Urban Sprawl Leads to Poor Health Outcomes
June 21, 2012 -- One day, while stuck in Atlanta traffic, Dr. Richard Jackson had an epiphany. He was working for the Centers for Disease Control and Prevention, en route to a meeting focused on threats to public health. He saw an elderly woman walking along the Buford Highway – a seven-lane expressway with one of the highest pedestrian death rates in the nation.
If she collapsed and died on the street, the cause of death would be listed as heat stroke, not the lack of trees in the neighborhood.

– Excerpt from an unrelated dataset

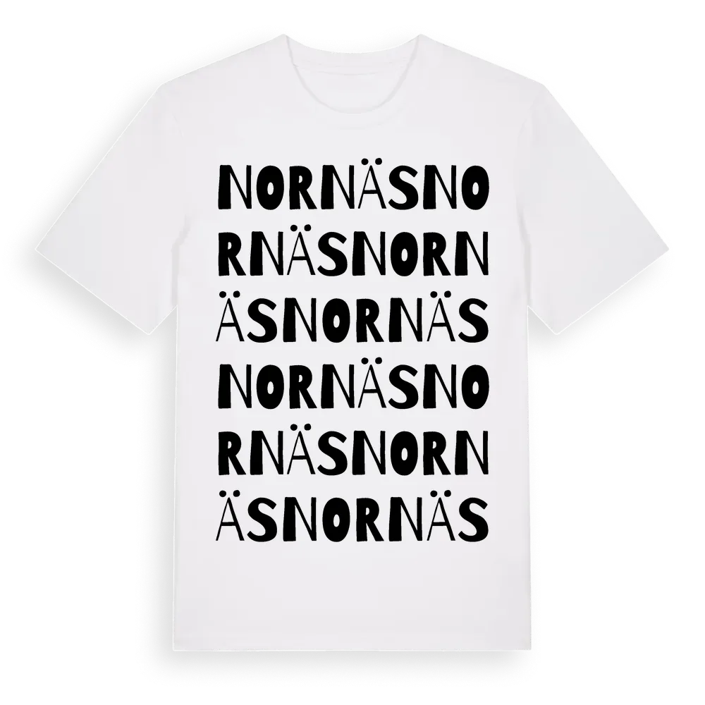 Nornäs ordlek t-shirt är inspirerad av byn Nornäs i Dalarnas län, Sverige. Tröjan är designad för dig som har en speciell koppling till platsen – oavsett om du bor här, har rötterna här eller bara älskar Nornäs.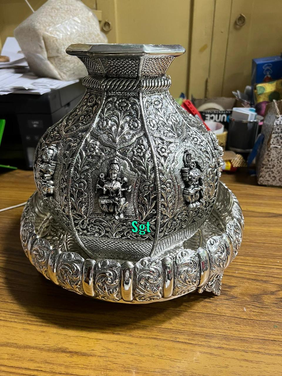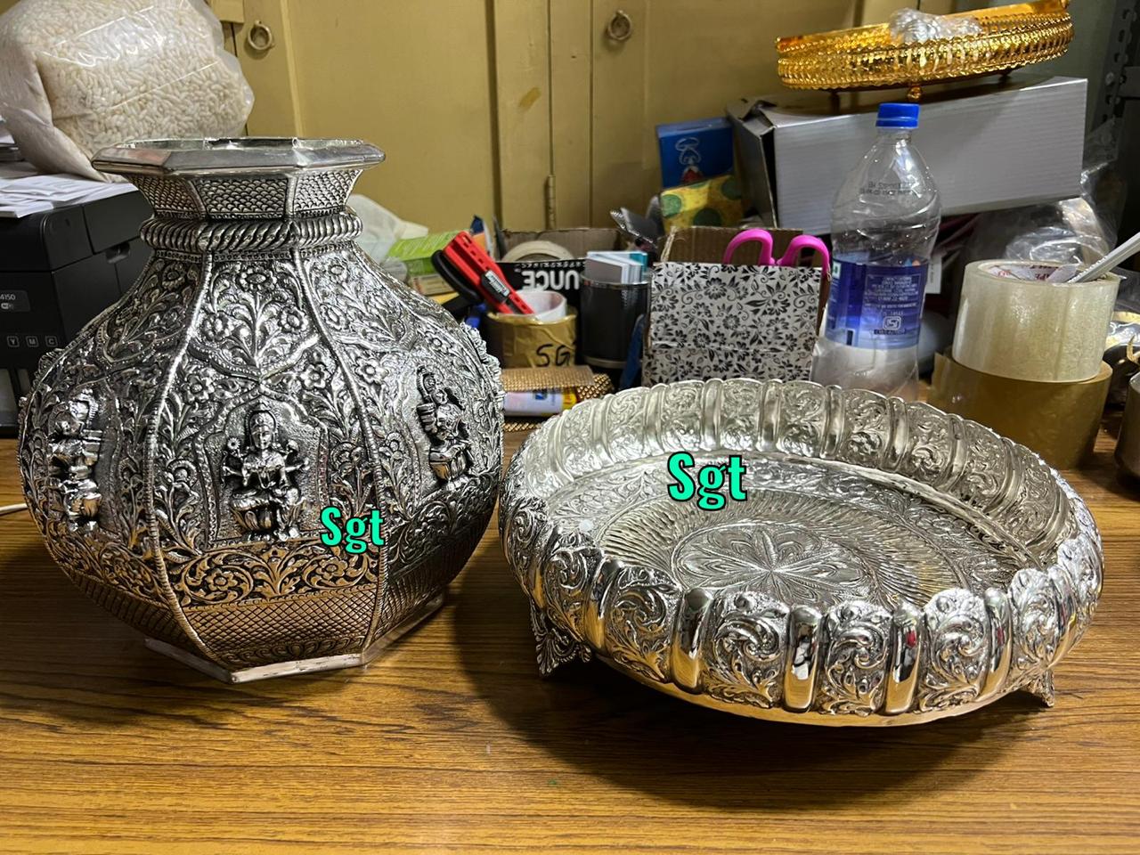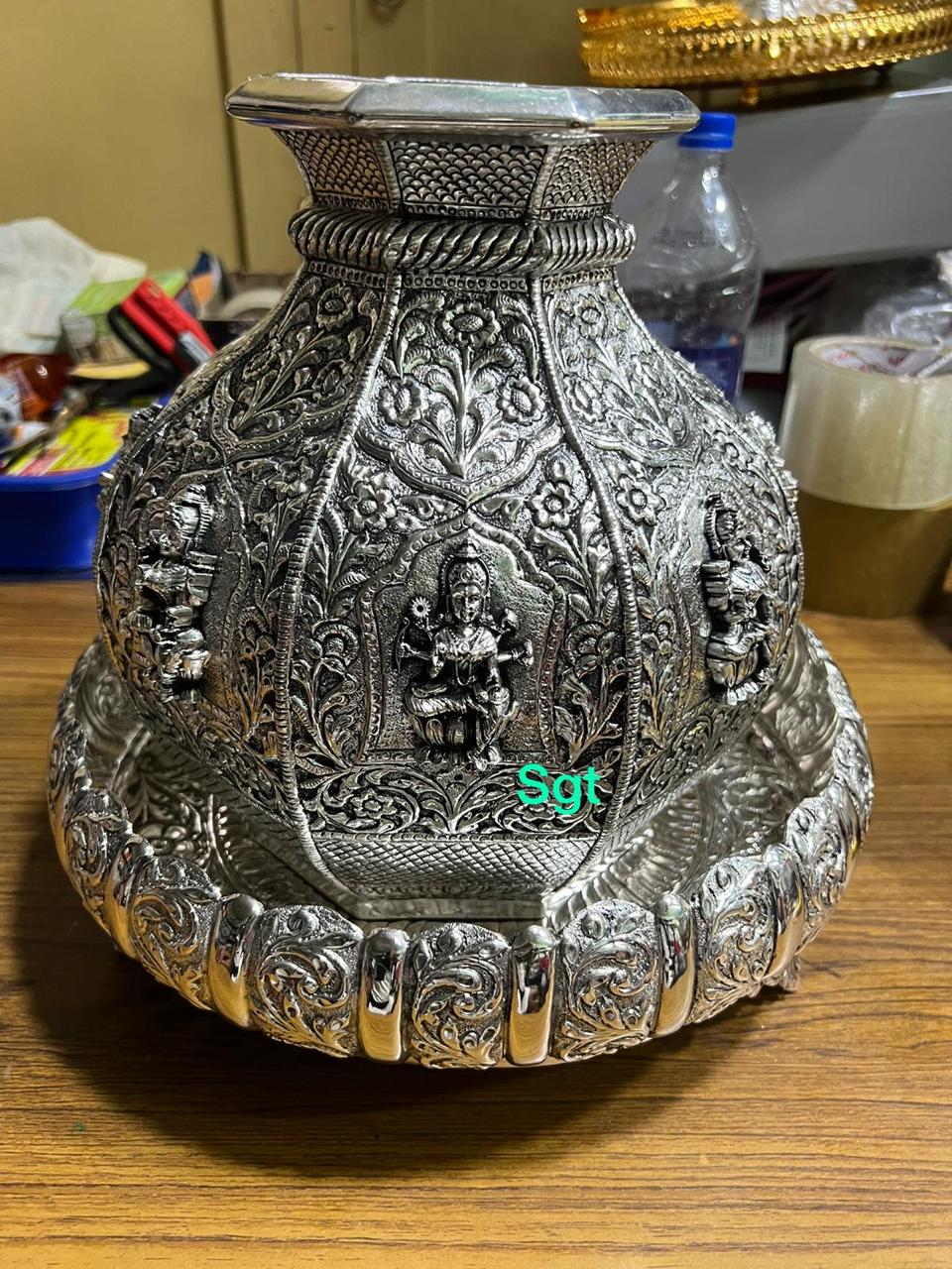 Antique finish German silver washable kodapan and urli plate with legs-SN001KU

If she were hit by a truck, Jackson thought, the cause of death would be listed as motor vehicle collision, not the absence of sidewalks in her neighborhood.
“A good solution solves multiple problems,” Jackson told an audience of about 80 people who gathered at the Metro Council Chambers earlier this week to watch part of his four-hour documentary, Designing Healthy Cities, and participate in a panel discussion with five local leaders on sustainable urban planning.

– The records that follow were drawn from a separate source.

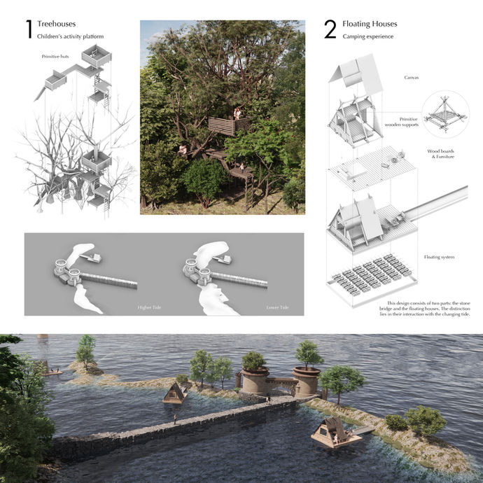 The project relies on simplicity and purity as ‘primitive huts’ in the landscape. Natural materials are used, and the structures have poetic qualities and are well integrated into the landscape. The proposal, however, remains as a series of fragments, and despite being well developed and drawn, the project as a whole has no clear overall conceptual narrative and no contemporary twists to offer an innovative solution.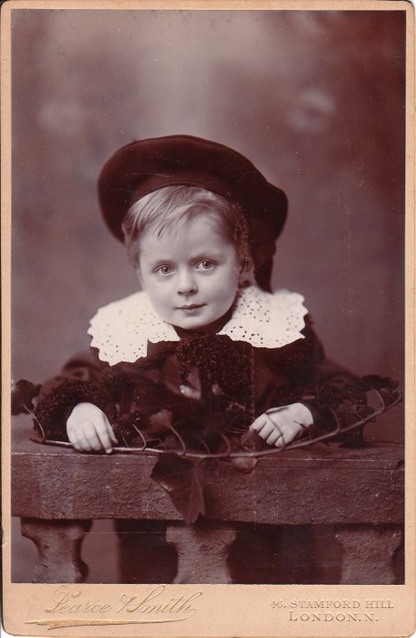 This portrait features a beautifully dressed cute child. The child appears to be a girl, but this is only a guess. The child’s fancy outfit includes a lace collar and a pretty cap. She is holding a branch with only a single leaf. The studio that photographed this child is Pearce & Smith of London, England.
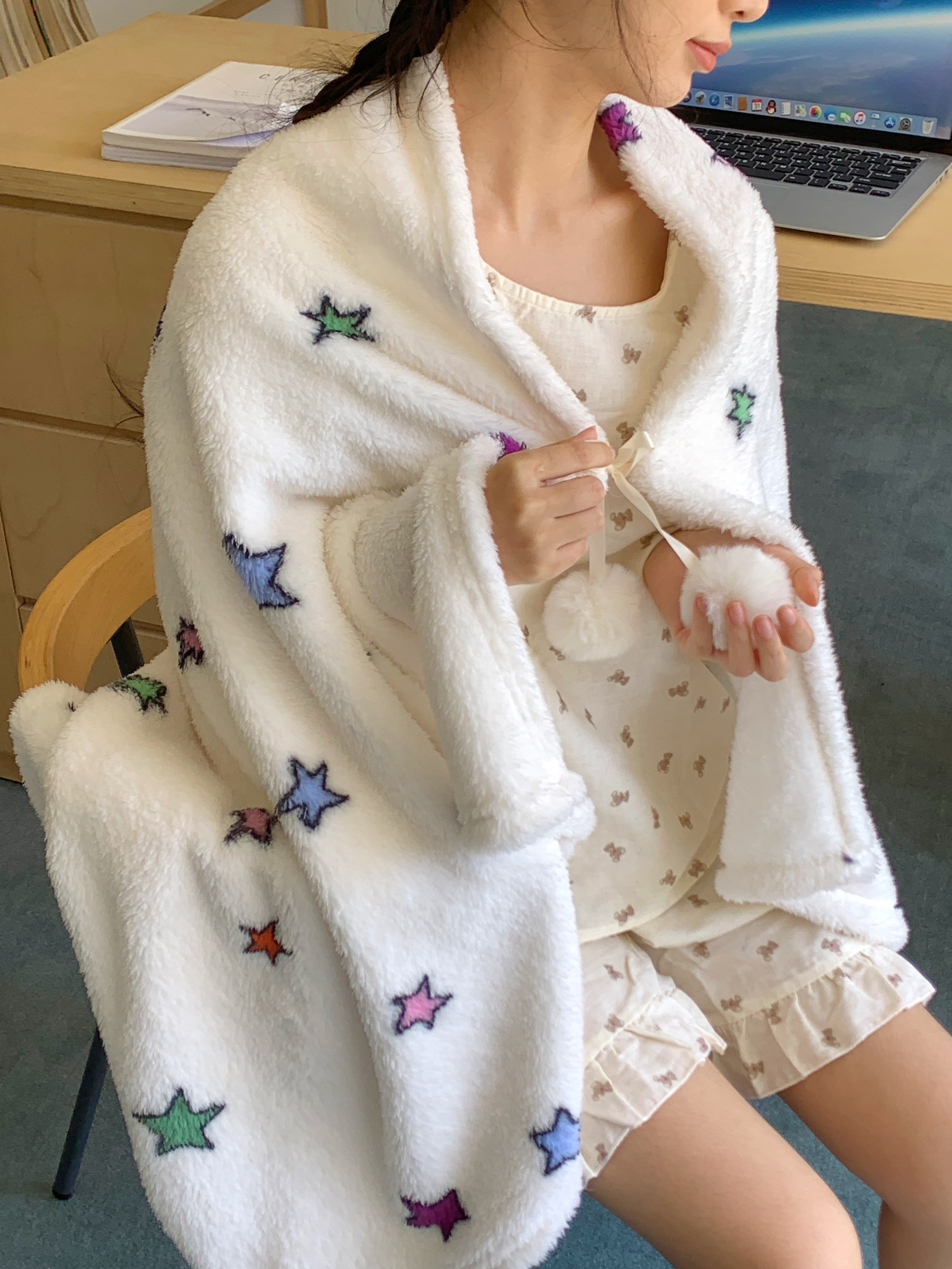 商品名称:桃喜 2025新款摇粒绒披肩毯毛毯毯子 彩色星星

The documentary discussed the obesity epidemic – and, in particular, rising levels of type two diabetes, which, Jackson noted, is rarely called “adult onset diabetes” anymore, because it’s becoming so
prevalent in American children. It discussed the role suburban sprawl, which has contributed to a sedentary, car-centric lifestyle over the past few decades, has played in the epidemic.
If everyone who has type two diabetes received appropriate treatment, the disease's impact on public health would actually increase – because people would live longer, Jackson said. “We can't treat our
way out of this problem.”
Americans' dependence on cars also poses an often-overlooked public safety risk, Jackson said. “If you live in suburbia, you’re much more likely to die in a pool of blood than someone who lives in an urban
environment” because of the high rate of traffic fatalities, though the image of the violent inner city persists.
“We don't really think of ourselves as a suburban community,” said panelist Alwin Turiel, the planning manager for the city of Hillsboro. Traditionally, suburbs are defined as communities from which people commute to work, but Hillsboro boasts one of the state's largest employers – Intel – and many of its employees live in the community.
“What we're focused on is incremental changes that make a different lifestyle the norm,” she said. For instance, if one neighborhood gets a farmers market or a community garden, people will see it and think, “Why doesn't my neighborhood have that?”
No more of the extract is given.